[PROVIDED DATA Boundary: Start]

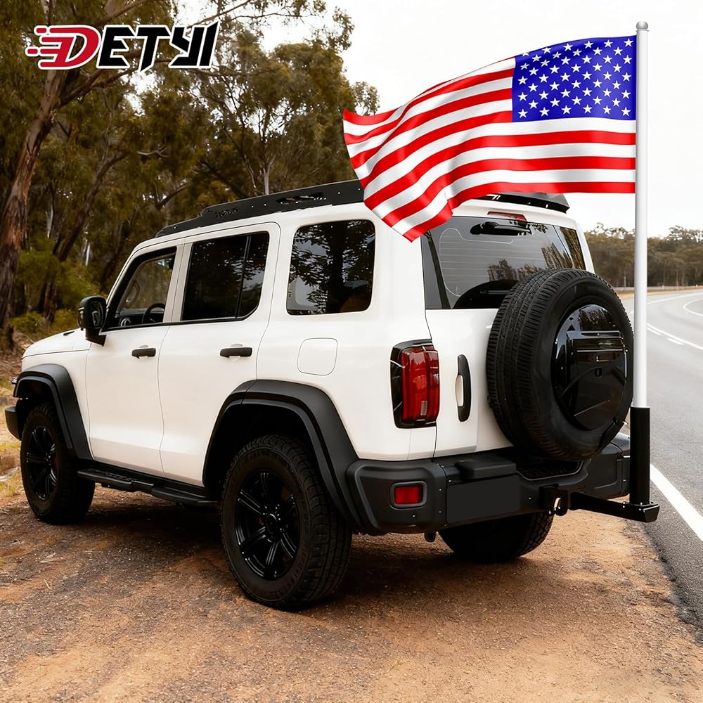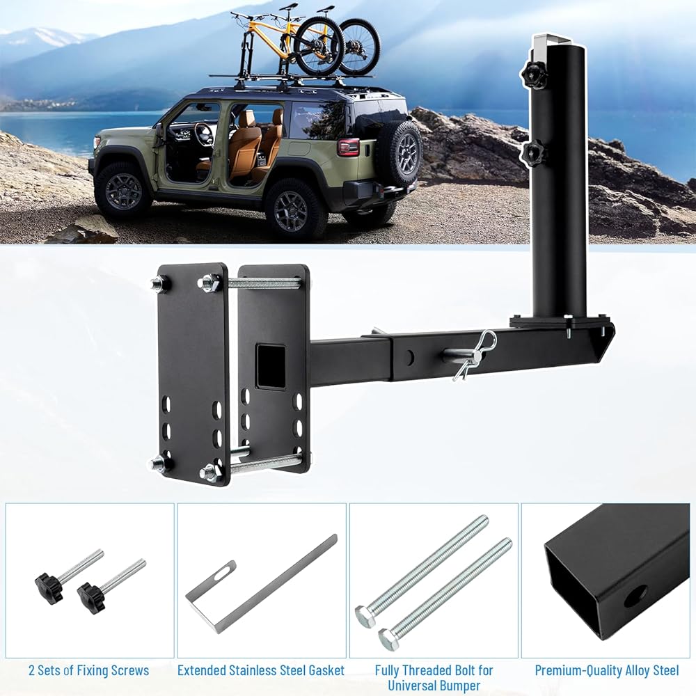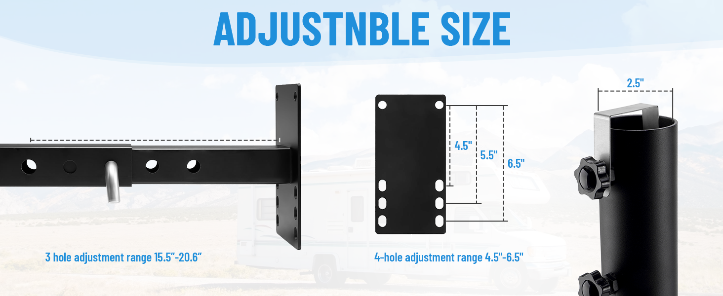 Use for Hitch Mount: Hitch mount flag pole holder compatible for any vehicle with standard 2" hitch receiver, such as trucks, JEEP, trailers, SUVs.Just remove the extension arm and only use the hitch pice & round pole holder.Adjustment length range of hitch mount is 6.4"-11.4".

[PROVIDED DATA Boundary: End]
[PROVIDED DATA Boundary: Start]

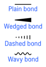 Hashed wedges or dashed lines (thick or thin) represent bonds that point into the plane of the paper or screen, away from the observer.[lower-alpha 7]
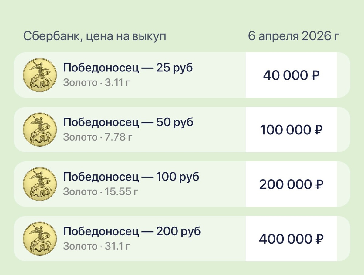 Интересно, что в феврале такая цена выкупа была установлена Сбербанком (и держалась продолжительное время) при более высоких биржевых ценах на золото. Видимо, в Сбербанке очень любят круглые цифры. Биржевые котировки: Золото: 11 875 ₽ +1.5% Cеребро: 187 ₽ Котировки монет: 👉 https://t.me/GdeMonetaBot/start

[PROVIDED DATA Boundary: End]

* REQUIREMENT *
The lines to set down run from the line with "Hashed wedges or" up to and including the line with "Интересно, что в" in the entries above. Reproduce them exactly, with no pictures.

* TASK RESPONSE *
 Hashed wedges or dashed lines (thick or thin) represent bonds that point into the plane of the paper or screen, away from the observer.[lower-alpha 7]
 Интересно, что в феврале такая цена выкупа была установлена Сбербанком (и держалась продолжительное время) при более высоких биржевых ценах на золото. Видимо, в Сбербанке очень любят круглые цифры. Биржевые котировки: Золото: 11 875 ₽ +1.5% Cеребро: 187 ₽ Котировки монет: 👉 https://t.me/GdeMonetaBot/start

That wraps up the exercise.